Pero, una vez más, los recuerdos no eran un asunto sencillo. Al cabo de minutos de su llegada, después de haber entrado en una de las tiendas donde se había establecido su puesto de mando, estaba inspeccionando el impresionante despliegue de armas que había transportado: fusiles de asalto Lancaster AK-47, Bushmaster AR15 y LWRC SRT de 6,8 milímetros; lanzallamas M2A1-7 del cuerpo de Marines de Estados Unidos utilizados en la Segunda Guerra Mundial, granadas perforantes anticarro, misiles portátiles Stinger FIM-92, obuses móviles y, la clave para su misión, tres helicópteros Apache AH-64 artillados con misiles Hellfire AGM-114 de cabeza cónica de doble carga de uranio empobrecido, cuya capacidad para penetrar incluso el vehículo con el mayor grosor de blindaje había sido absolutamente garantizada por el vendedor.

Vestido con un traje de faena de camuflaje y armado con una defensa metálica extensible en una cadera, y un Colt 45 American en la otra, Arkadin salió de la tienda más grande y se reunió con Dimitri Maslov, el jefe de la Kazanskaya, la familia más poderosa de la mafia moscovita. Maslov tenía el aspecto de un luchador callejero que estuviera calculando cómo inmovilizarte en el menor tiempo posible y con el máximo dolor. Con sus manos grandes, gruesas y anchas podía retorcerle el cuello a cualquiera. Sus piernas musculosas acababan en unos pies extravagantemente delicados, como si hubieran sido injertados del cuerpo de otro. Desde la última vez que Arkadin le vio le había crecido el pelo, y vestido con un ligero traje de faena de camuflaje, tenía algo del aire anárquico del Che Guevara.
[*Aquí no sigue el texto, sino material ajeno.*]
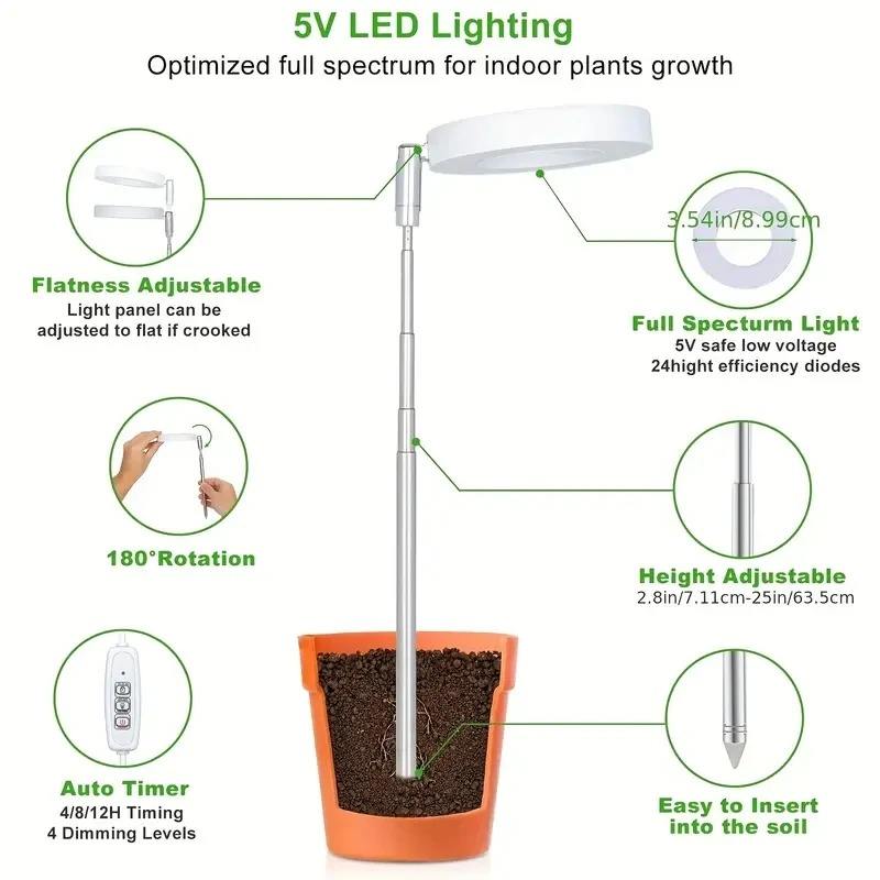 1 Lámpara de Cultivo LED de Espectro Completo para Plantas de Interior, Altura Ajustable con Temporizador de Encendido/Apagado Automático, 4 Niveles de Intensidad

—Leonid Danilovich —dijo Maslov con fingida cordialidad—, veo que no has perdido el tiempo en reunir nuestros pertrechos de guerra. Bien, bueno, eso cuesta una fortuna de cojones.
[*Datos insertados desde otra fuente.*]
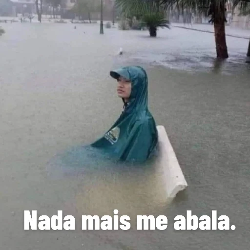 Homem sentado em uma cadeira em meio a uma inundação, usando um capuz verde. A legenda 'Nada mais me abala' aparece abaixo.
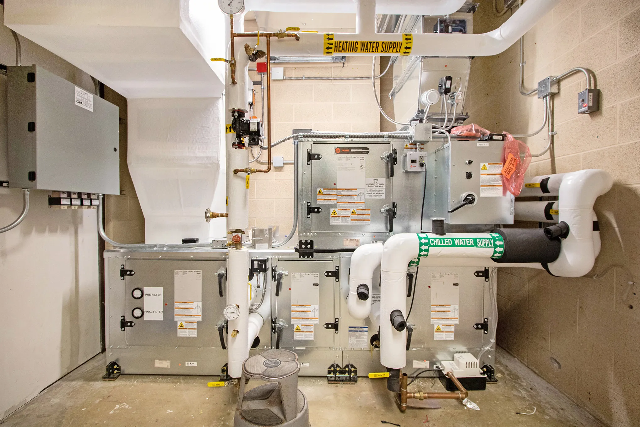 Work included modernization of heating, cooling, and ventilation systems serving the Mainstage Theatre, Hanson Theatre, rehearsal spaces, classrooms, and large event venues such as Grand Upton Hall. Construction was carefully coordinated within an active performing arts environment to minimize disruptions to academic programs, rehearsals, and public events. The project was completed in September 2025 and supports long-term operational savings and improved system performance.

Con Maslov estaban dos guardaespaldas cuyos trajes de faena lucían unos enormes cercos de sudor; sin duda, en aquel clima tan caliente se encontraban como pez fuera del agua.

Ignorando las armas humanas, Arkadin miró al jefe de la grupperovka con una especie de recelo impersonal. Desde que había desistido de ser el principal sicario de la Kazanskaya para trabajar exclusivamente para Semion Icoupov, no estaba seguro de a qué atenerse con aquel sujeto. Que en ese momento hicieran negocios no significaba nada; una combinación de circunstancias de peso y un socio poderoso los echaban a uno en brazos del otro. Arkadin tuvo la impresión de que eran dos perros de presa decidiendo cómo acabar con el otro. Lo cual quedó confirmado cuando Maslov dijo:

—Todavía no me he recuperado de la pérdida de mi canal de distribución mexicano. Y sigo pensando que, si hubieras estado disponible, no lo habría perdido.

—Ahora creo que estás exagerando, Dimitri Ilyinovich.

—Pero en vez de eso te quitaste de en medio —prosiguió Maslov, ignorando deliberadamente a Arkadin—. Te volviste inalcanzable.

Arkadin pensó que era el momento de prestar atención. ¿Sospechaba Maslov que se había apoderado del ordenador portátil de Gustavo Moreno, un premio que tenía la certeza de que Maslov consideraba suyo por méritos propios?

Pensó que era mejor cambiar de tema.

—¿Por qué estás aquí?

—Me gusta comprobar siempre personalmente mis inversiones. Además, Triton, el hombre que coordina toda la operación, quiere un informe de primera mano sobre tus avances.

—Triton no tenía más que llamarme —dijo Arkadin.

—Es un hombre prudente, nuestro Triton, o eso he oído. Nunca le he visto personalmente, la verdad, ni siquiera sé quién es, sólo que es un hombre con mucho dinero y los recursos para montar este ambicioso proyecto. Y no olvides, Arkadin, que fui yo quien te recomendó a Triton. «No hay nadie mejor para entrenar a esos hombres», le dije con toda claridad.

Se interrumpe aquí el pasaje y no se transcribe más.